About Transcranial Magnetic Stimulation
Transcranial Magnetic Stimulation (TMS) is a treatment approved by the US Food and Drug Administration (FDA) for patients suffering from depression who have not achieved satisfactory improvement from prior antidepressant treatment.
- Is an outpatient procedure performed in a psychiatrist’s office
- Is non-invasive, meaning that it does not involve surgery
- Does not require any anesthesia or sedation; the patient remains awake and alert during the treatment
- Is focal and non-systemic, meaning it does not circulate in the bloodstream like medications
The typical initial treatment course consists of at least 5 treatments per week over a 4-6 week period for an average of 20-30 total treatments. Each treatment session lasts between 20 and 40 minutes.
How does TMS work?
Using an electromagnetic coil, TMS generates highly concentrated magnetic fields which turn on and off very rapidly. These magnetic fields are the same type and strength as those produced by a magnetic resonance imaging (MRI) machine.

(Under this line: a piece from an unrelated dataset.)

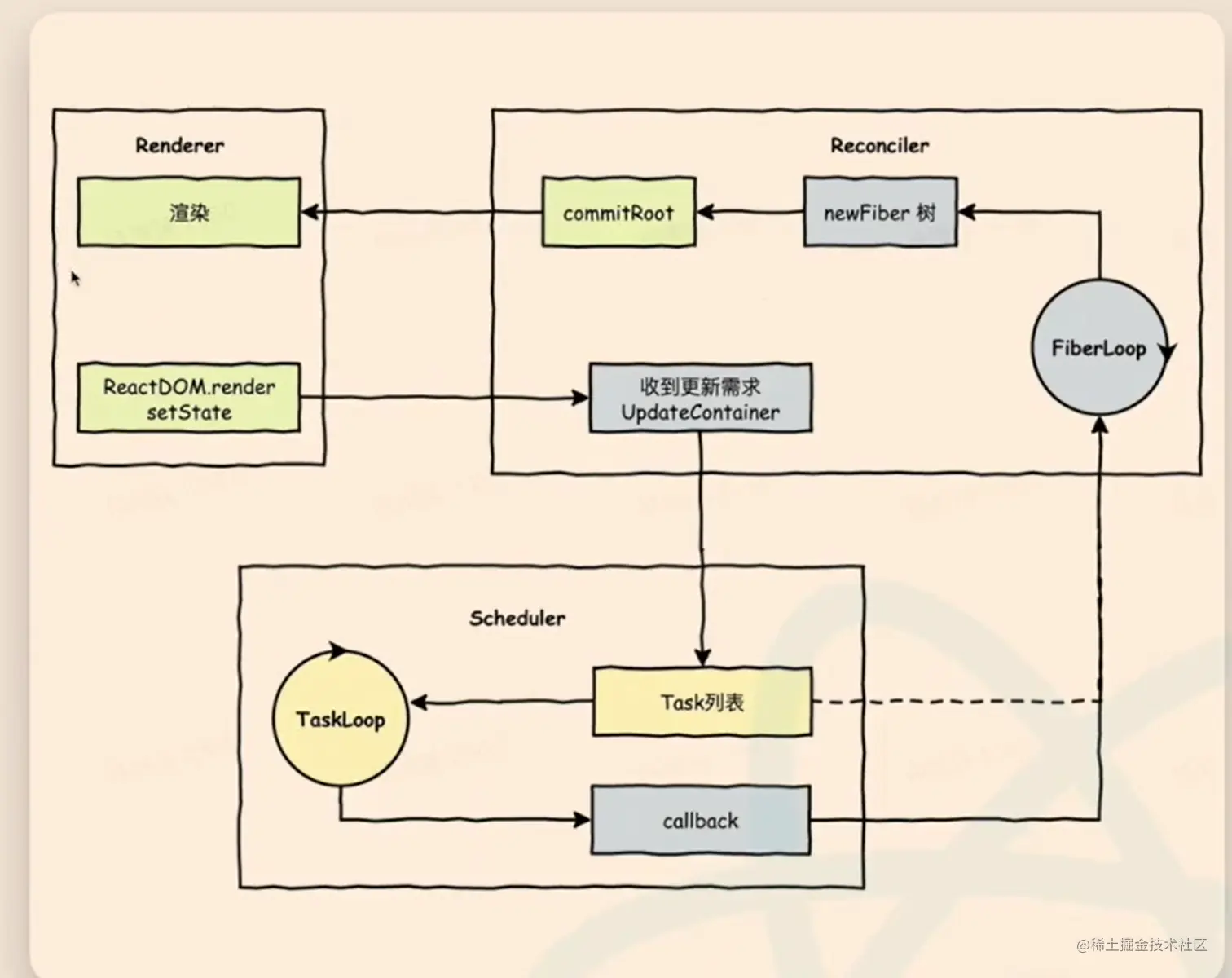在一个 React 应用中一次屏幕更新都会发生以下三个步骤:

The treatment coil is applied to the head above the left prefrontal cortex. This part of the brain is involved with mood regulation, and therefore is the location where the magnetic fields are focused. These magnetic fields do not directly affect the whole brain; they only reach about 2-3 centimeters into the brain directly beneath the treatment coil. As these magnetic fields move into the brain, they produce very small electrical currents. These electrical currents activate cells within the brain which are thought to release neurotransmitters like serotonin, norepinephrine, and dopamine. Since depression is thought to be the result of an imbalance of these chemicals in the brain, TMS can restore that balance and, thus, relieve depression.